Donald Trump Indicted for the Fourth Time – He Should Drop Out of the Presidential Race: Former President Donald Trump was indicted yet again this week.
This time, he and his many co-conspirators faces charges of attempting to overturn the election results of the 2020 US presidential contest in Georgia.
This indictment is a sprawling, multi-faceted effort regarding Trump and his circle’s attempt to ‘find’ a few thousand votes more to push Trump over the top.
These efforts include fake electors, a demonization campaign against poll workers, and Trump’s notorious phone call to Georgia’s secretary of state demanding that he ‘find’ further Trump votes.
Trump has also been indicted recently for hush money payments to a adult actress to cover up their tryst; for absconding from the White House with classified documents he was unallowed to keep after his presidency; and for 2020 election interference around the insurrection of January 6, 2021.
From a legal perspective, this most recent Georgia indictment is threatening because it is not a federal case – from which Trump might be able to pardon himself if he is elected again in 2024 – and because the Georgia prosecutor is deploying RICO law against Trump. RICO was primarily a tool designed to fight the mob, including mandatory jail time.

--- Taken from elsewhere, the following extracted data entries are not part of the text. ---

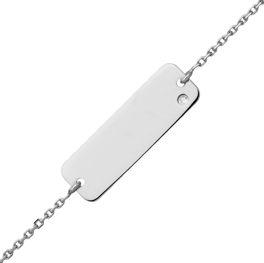 Gourmette Enfant Plaque – Diamant & Or Blanc 18ct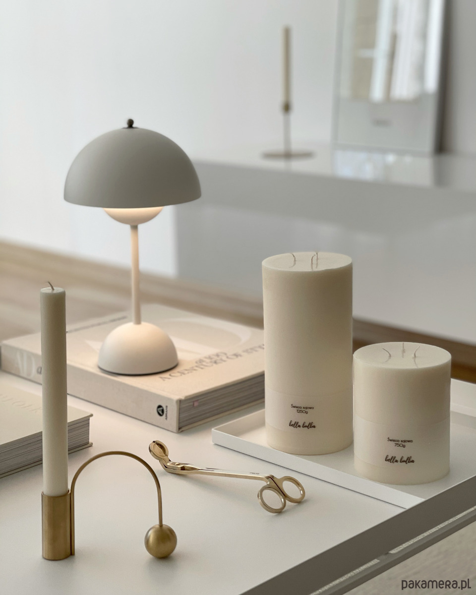Świeca odlana ręcznie w pracowni pod Wrocławiem. Skład: wosk sojowy, knot bawełniany. Wymiary: wysokość 20cm, średnica 9,5cm. Orientacyjny czas palenia: 80 godzin.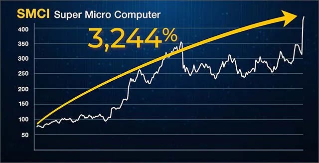 And Super Micro Computer, whose stock has surged as much as 3,244%.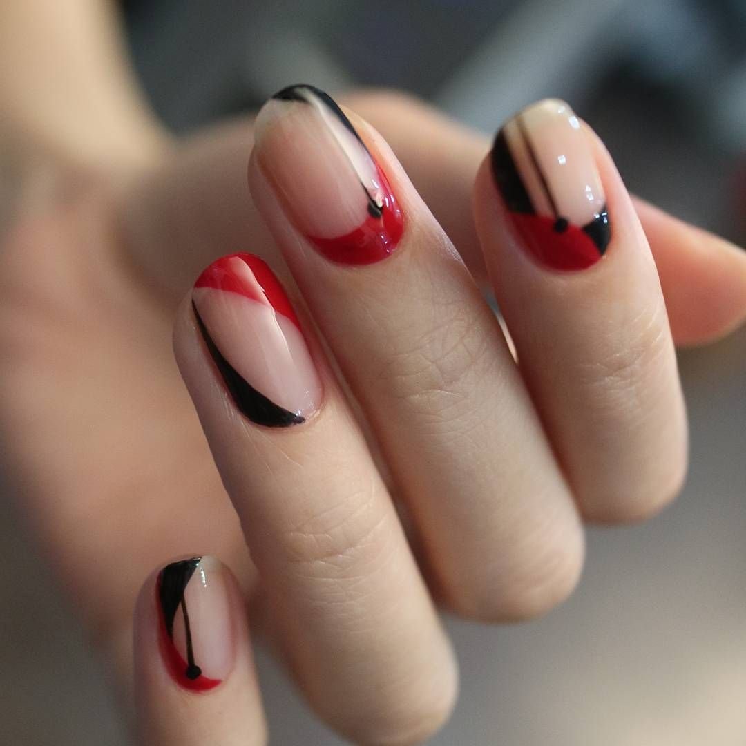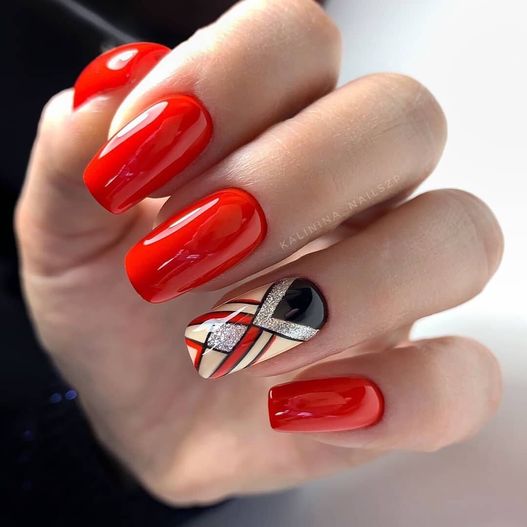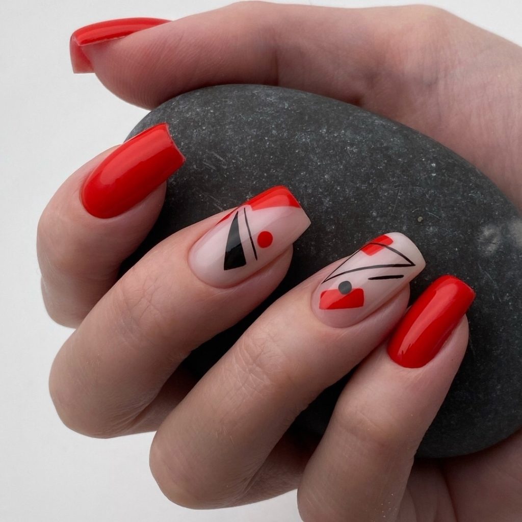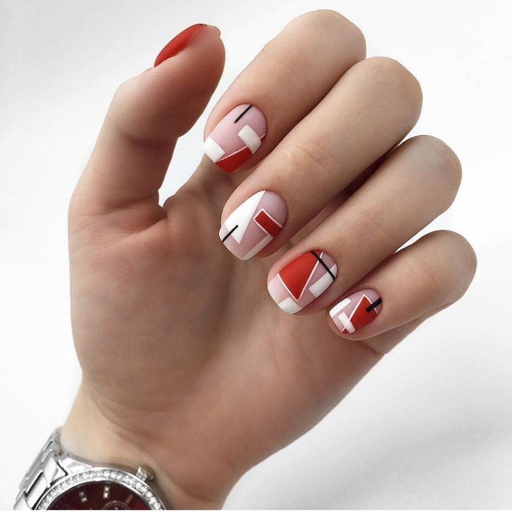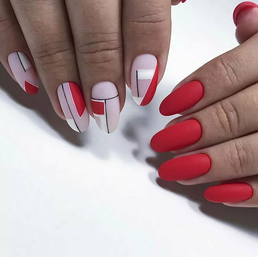 Ну, конечно, не стоит отказываться от абстрактных рисунков в виде линий, замысловатых фигур, которые вы можете нанести в соответствии со своей фантазией. Для создания красного абстрактного маникюра, мы рекомендуем использовать сразу несколько оттенков этой палитры. Кроме того, вы можете выбрать близкие цвета, например, розовый.

Donald Trump Can’t Help but Tell Us He Is Guilty
Trump now faces a total of ninety-one separate criminal charges across four separate cases moving toward trial. There is little doubt that Trump is guilty of most of the charges, if only because Trump himself cannot help but publicly brag about his lawlessness:
-Trump has long boasted publicly about his sexual prowess, affairs with models, and so on. His former ‘fixer,’ Michael Cohen, has repeatedly stated that he helped clean up these sorts of personal shenanigans for Trump.
-The documents case has played out very publicly. Trump has admitted that he took the boxes and claimed, erroneously, that he is allowed to declassify anything he wants. The photographic evidence of document boxes piled up in Trump’s bathroom is blatant and damning. The FBI only raided Trump’s home after many months of solicitation to retrieve the documents.
-Trump’s meddling on January 6 is similarly obvious, because Trump gleefully stoked the crowd which eventually attacked the Capitol building that day. And Mike President, the Vice-President at that time, has public admitted that Trump told him to block the count of electoral votes, a power which the vice-president does not have.
-Finally, in Georgia, Trump’s recorded phone call demanding that the state find more votes so he could win is practically dispositive.
These very public transgressions reflect a well-known twist in Trump’s character – his refusal to cover-up his violations. Like many politicians, Trump bends the law. But unlike most, Trump does not want to hide those transgressions. Instead, Trump likes to boast about his violations in public and gleefully demands that other Republicans validate his behavior.
This is likely part of Trump’s domination over the GOP – he forces others to cover for him – and bolsters his alpha-male image with his voters. But it also gives prosecutors a lot of very public evidence of his guilt. Just this week, Trump again very publicly and shamelessly broke the law.
There are Other Republican Candidates – Choose Them
Trump’s self-immolation would not matter were he not, bizarrely, the leading candidate in the 2024 Republican primary. It is a deeply disturbing commentary on the GOP electorate that it so happily embraces an obvious, repeat criminal.
To state the obvious, it does not have to be this way.
The Republican primary is filled with candidates offering a wide range of policy views, both to the left and right of Trump.
One – Florida Governor Ron DeSantis – appeared for awhile as the obvious Trump-killer.
DeSantis offers Trump voters all they could want on policy and more. Trump talks and blusters but is actually quite lazy. DeSantis, conversely, has pushed through trumpist policies in his home state. DeSantis is more focused, more coherent, and less self-absorbed than Trump.
He is also not a career criminal.
For GOP voters to the left of Trump, there are also respectable candidates – such as Tim Scott of South Carolina, Chris Christie of New Jersey, or Nikki Haley of South Carolina. None of them are criminals either.
None of them have engaged in behavior subverting the basic democratic processes of the country.
Trump Needs to Drop Out
Trump’s candidacy is pushing the US toward a crisis. It is simply infeasible for a president to be in jail. Trump’s election from prison would create a constitutional crisis in itself.
And his second term would be one crisis after another as he used the powers of the office to target his enemies and subvert democratic processes.
The GOP need not go this route. There are conservative candidates who offer the same ‘Donald Trump’ policies without promising constitutional disorder. Choose one of them.